Researchers and developers are increasingly invoking multiple LLM calls in a compound AI system to solve complex tasks. But which LLM should one select for each call?
LLMSELECTOR is a framework that automatically optimizes model selection for compound AI systems!
TLDR: You only need to design your compound system's workflow, and selecting which LLM to use is on LLMSELECTOR.
Figure 1: Comparison of using any fixed model and LLMSELECTOR for different compound AI systems. We find that, perhaps surprisingly, allocating different models to different modules can improve the overall performance by 5-70%.

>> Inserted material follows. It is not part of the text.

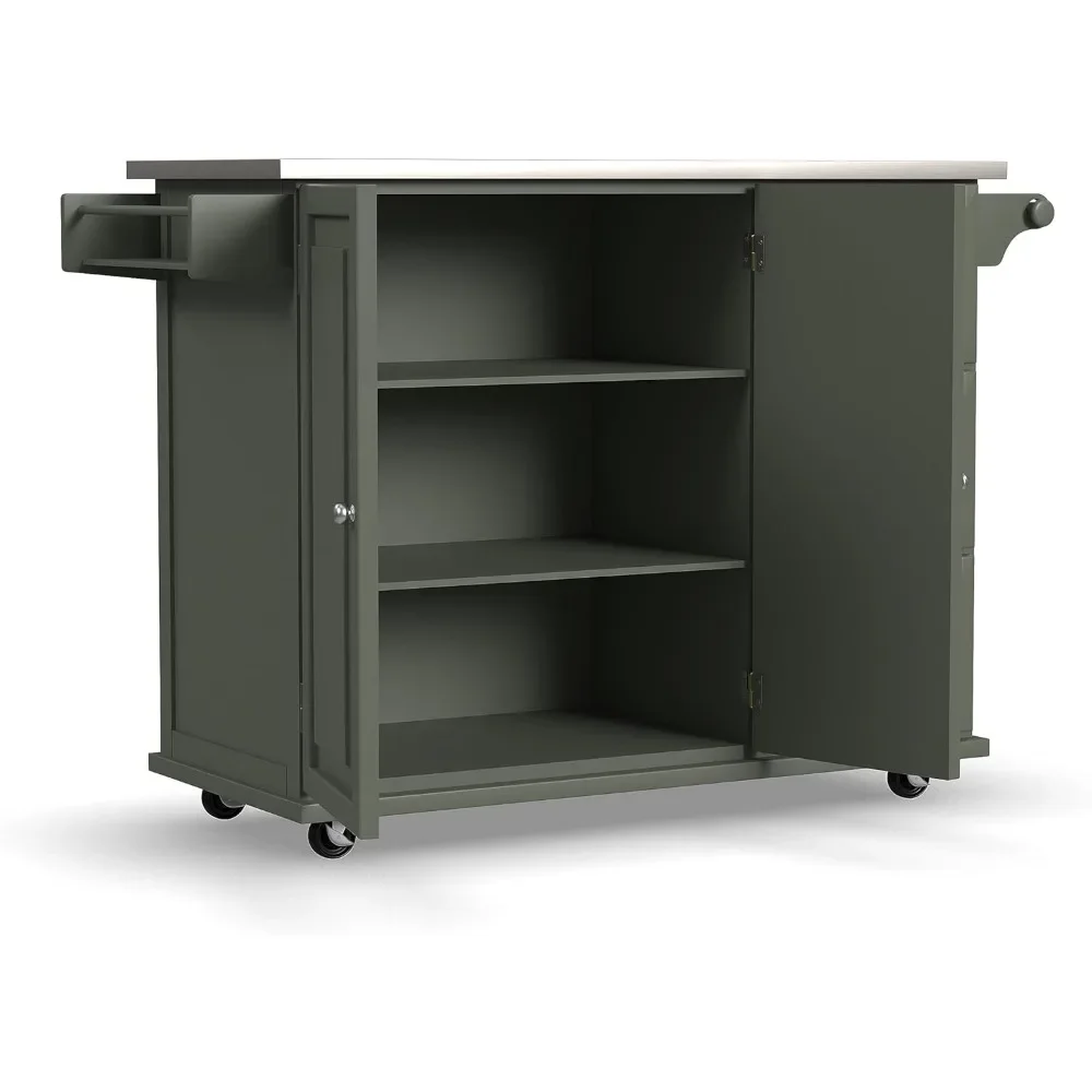 Maximize the storage space and work surface in your kitchen with this Dolly Madison Kitchen Cart by . The stainless steel surface sits atop a sage green, durable engineered wood frame, which can be easily moved throughout your space on lockable casters to bring convenience right where it's needed most. Loaded with space-saving features and storage options, it brings the ultimate in versatility and charm to your kitchen.

Compound AI systems that involve multiple LLM calls are widely studied and developed in academy and industry. But does calling different LLMs in these systems make a difference? As suggested in Figure 1, the difference can be significant, and no LLM is the universally best choice. This leads to an important question: which LLM should be selected for each call in a compound system? The search space is exponential and exhaustive search is cumbersome.

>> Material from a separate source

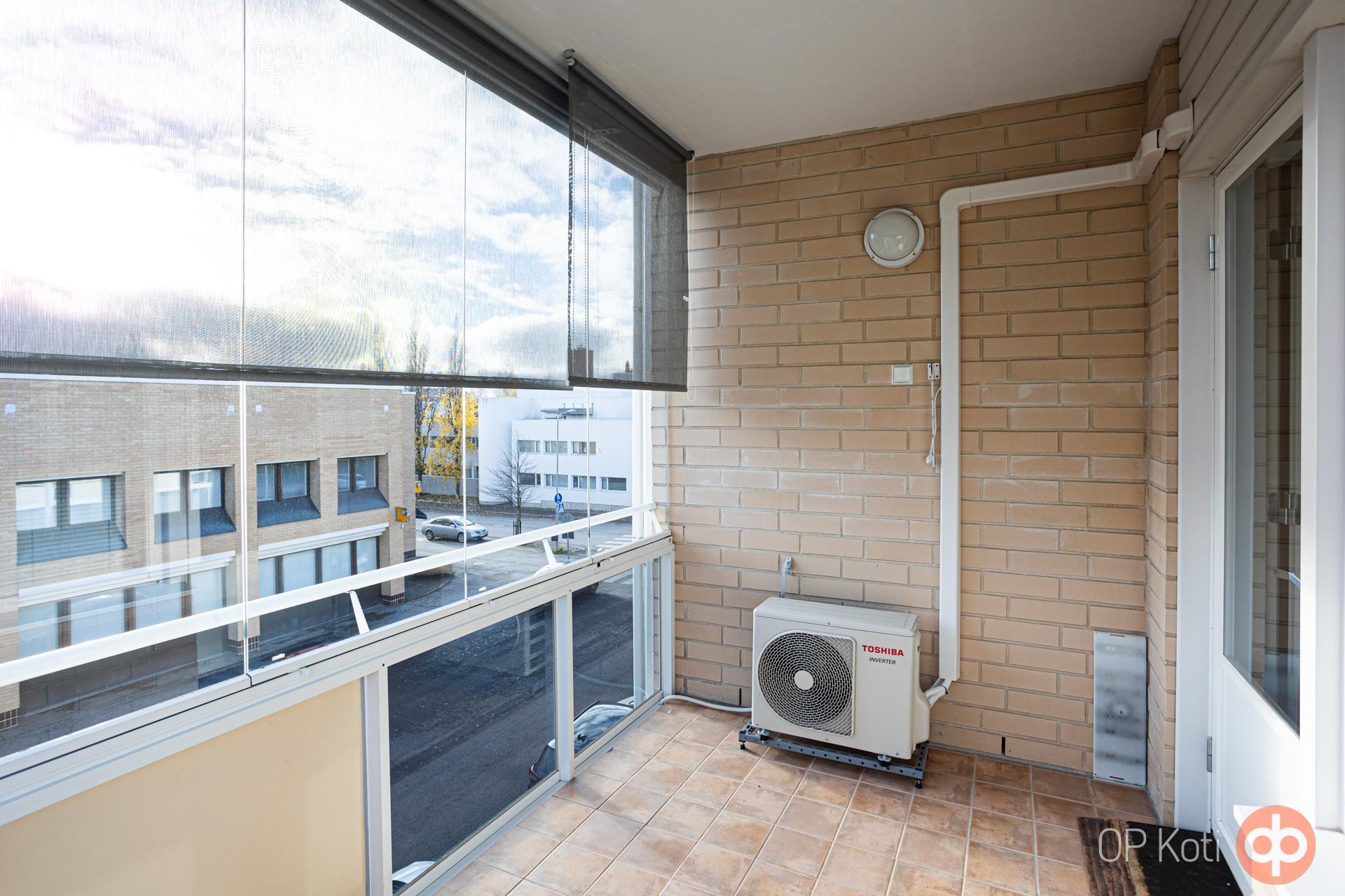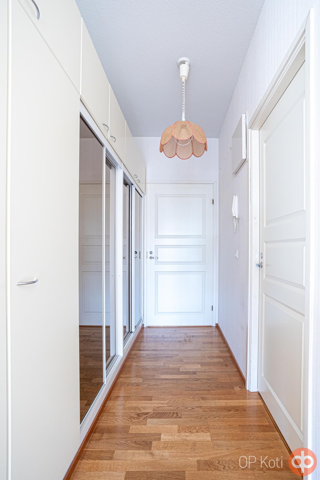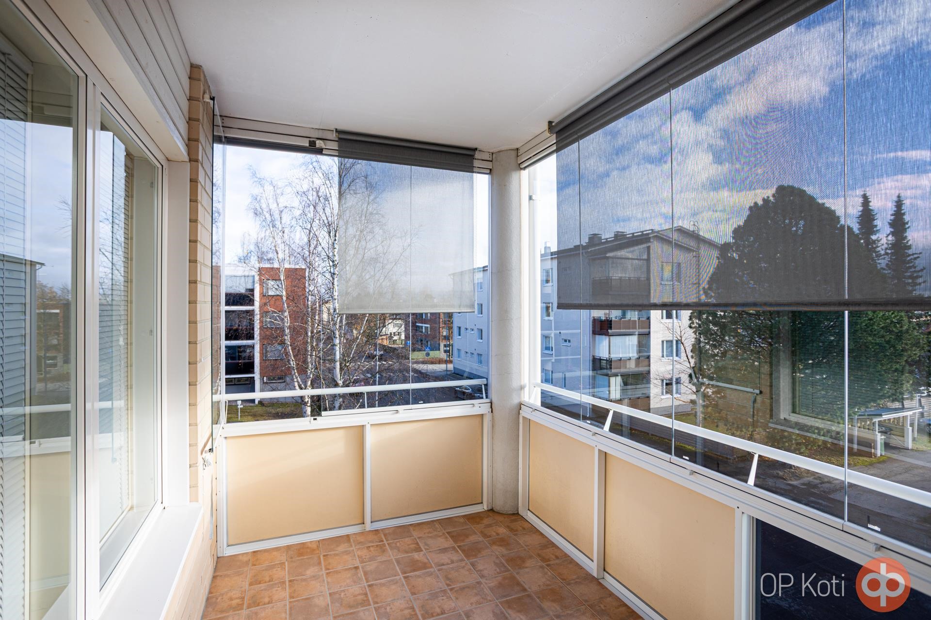 Lattiat ovat parkettia, ja kylpyhuone on kauttaaltaan kaakeloitu. Lisäksi asunnossa on erillinen tilava wc, jossa on kaakelilattia. Etelään avautuva lasitettu parveke tarjoaa mukavan lisätilan oleskeluun ja tuo valoa koko asuntoon.

LLMSELECTOR automates LLM selection in compound AI systems. As shown in Figure 1, LLMSELECTOR offers substantial performance gains on popular compound systems (such as self-refine and multi-agent-debate): perhaps surprisingly, it can offer 5-70% performance improvement over using any fixed LLMs for all modules in a compound system.
Here, we provide a tutorial on how to use LLMSELECTOR, including the installation, a few examples, and guidance on how to extend it for customized compound AI systems.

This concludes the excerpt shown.